I encountered this concept recently though I have been listening about this long since. I never paid attention to this as I find it amusing when people talk of personal space when ever they wanted to get away with what ever they do.

I beg your pardon. I mean no disrespect. Personal space perhaps is an inner sanctum where no one is allowed and a person is linked to no one else then self. But I find this contradicting and hilarious as the so called personal space eliminates someone and invites someone else in to it.

Perhaps it’s a spontaneous self defense mechanism that ensures compartmentalized chunks of life that’s belongs not to one’s own. I am a little hazy and blur here.
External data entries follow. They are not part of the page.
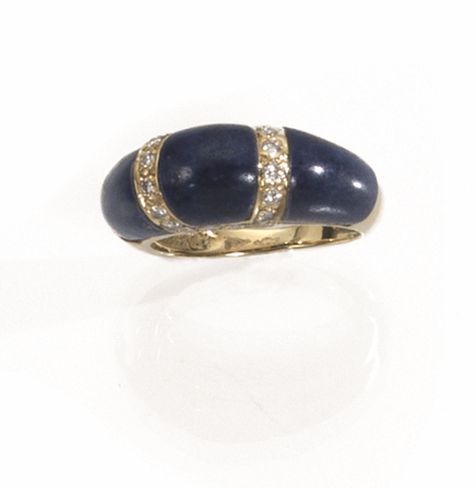 Anello in oro giallo, lapislazzuli e diamanti
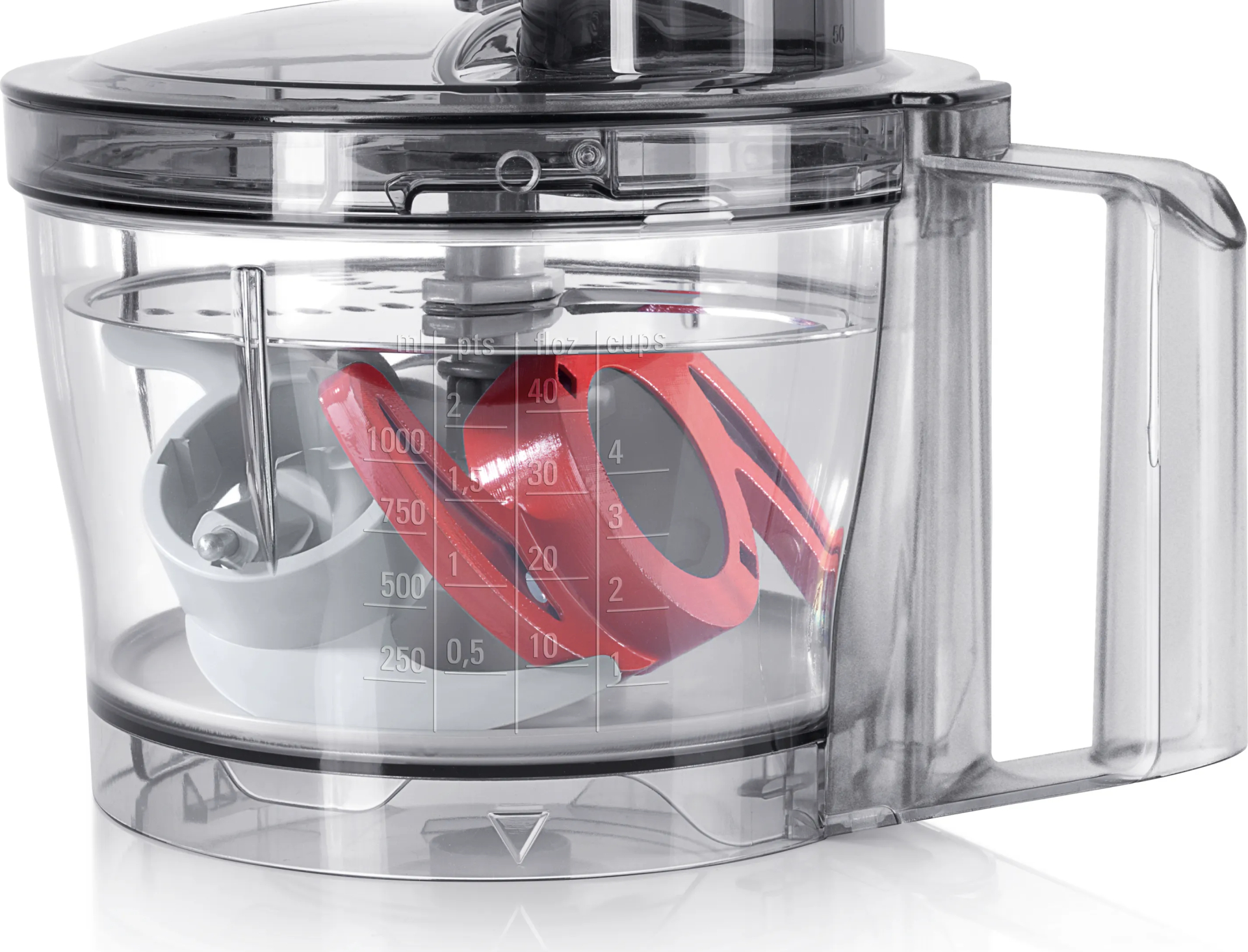 • Doorzichtige mengkom van 2.3 l met vulschacht, duwer en deksel voor het mengen van 500g deeg + ingrediënten (0.8 kg max)
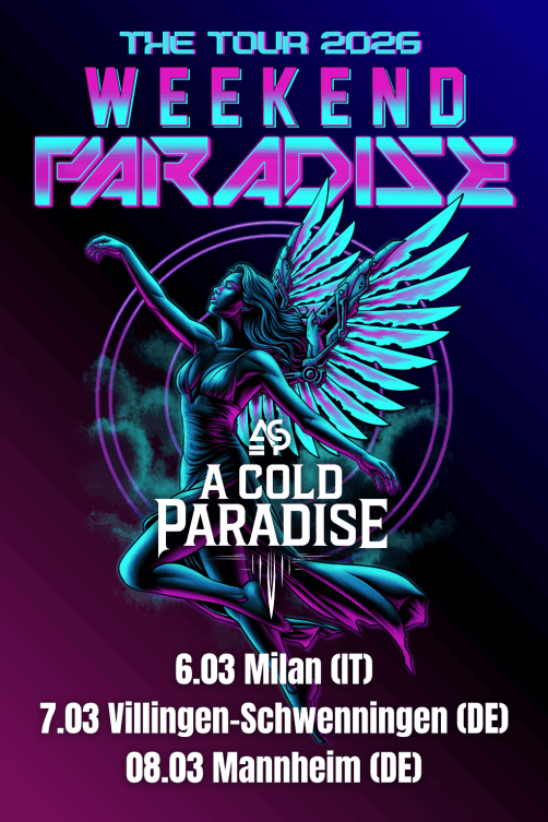 Επιπλέον, οι A COLD PARADISE θα παρουσιάσουν για πρώτη φορά το νέο τους υλικό στη σκηνή κατά τη διάρκεια της περιοδείας τους «Weekend Paradise» τον Μάρτιο του 2026. Η μπάντα θα εμφανιστεί στο Μιλάνο της Ιταλίας, καθώς και στο Villingen-Schwenningen και στο Mannheim της Γερμανίας, στις 6, 7 και 8 Μαρτίου, παρουσιάζοντας την εξελισσόμενη καλλιτεχνική τους ταυτότητα και προσφέροντας στο κοινό μια αποκλειστική ματιά στο επερχόμενο άλμπουμ. Η πώληση των εισιτηρίων ξεκινά στις 15 Δεκεμβρίου στο www.ursulaz.com/weekendparadise. Αυτή θα είναι η πρώτη ευκαιρία να ζήσετε τους A COLD PARADISE ζωντανά – ένα event που δεν πρέπει να χάσετε.
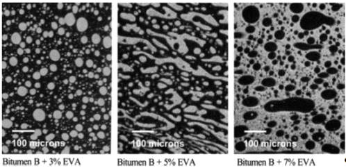 После того, как сополимеры ЭВА добавлены в битум, светлые компоненты битума обычно пополняются сополимерами. При низких концентрациях ЭВА, дисперсная ЭВА-обогащенная фаза может наблюдаться одновременно с битумной фазой [103]. По мере увеличения концентрации ЭВА, инверсии фаз происходит в модифицированном битуме и ЭВА-фаза переходит в непрерывную фазу. Процесс инверсии фаз модифицированного битума был представлен в виде флуоресцентного изображения на рис. 9 [161]. Если в модифицированном битуме существуют две непрерывные фазы, то его свойства могут быть существенно улучшены. ЭВА, как было установлено, образует жесткую сеть в модифицированном битуме и противостоит деформации [47], что означает, что ЭВА модифицированный битум обладает повышенной устойчивостью к образованию колеи при высоких температурах.
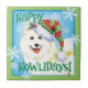 Celebrate the holidays with a happy Samoyed wearing a striped stocking cap amid a flurry of snowflakes and the words, Happy Howlidays! Great holiday gift idea for Sammie-loving family and friends.

What I mean to say is if we compartmentalize information in bits and pieces that’s accessible to some and allowed not to be accessed by someone there by navigating through troubled waters… perhaps its nice enough to see reason in it.

Perhaps people get bored of those they love and loving them becomes burden to them when they look for new events or personalities inspire them in an unknown way. Perhaps they see errors and fallacies that were unseen earlier in the person they entrusted with their heart with and suddenly feel that they mortgaged their heart and need to redeem what they lost in the name of love.

Perhaps… the dynamic flow of life and its demands makes them realize about a reality that they need to have personal space that’s not really personal in its quintessential sense but only a kind of ephemeral respite.

Perhaps they wish to push away their staple diet and suddenly invite ice cream and pizza in to their personal space. Perhaps they chose exciting flavors over insipid nutrition.

Makes me think and go back to the one and only wisdom I gained in life. “Innocence is the only emotion left unpolluted”. I wonder what would happen if a fetus asks for personal space or a mother demands personal space when she is carrying her baby.

A sardonic smile creeps up my face and silence shrugs that sardonic smile… towards the drains of pain.

Perhaps the concept of god has something to do with personal space. Because god forgives everything and his forgiveness is unconditional and ready made. Perhaps those who are in dire need of personal space are assured with their own sense of support that’s universally granted with a silent prayer first and loud defiance later.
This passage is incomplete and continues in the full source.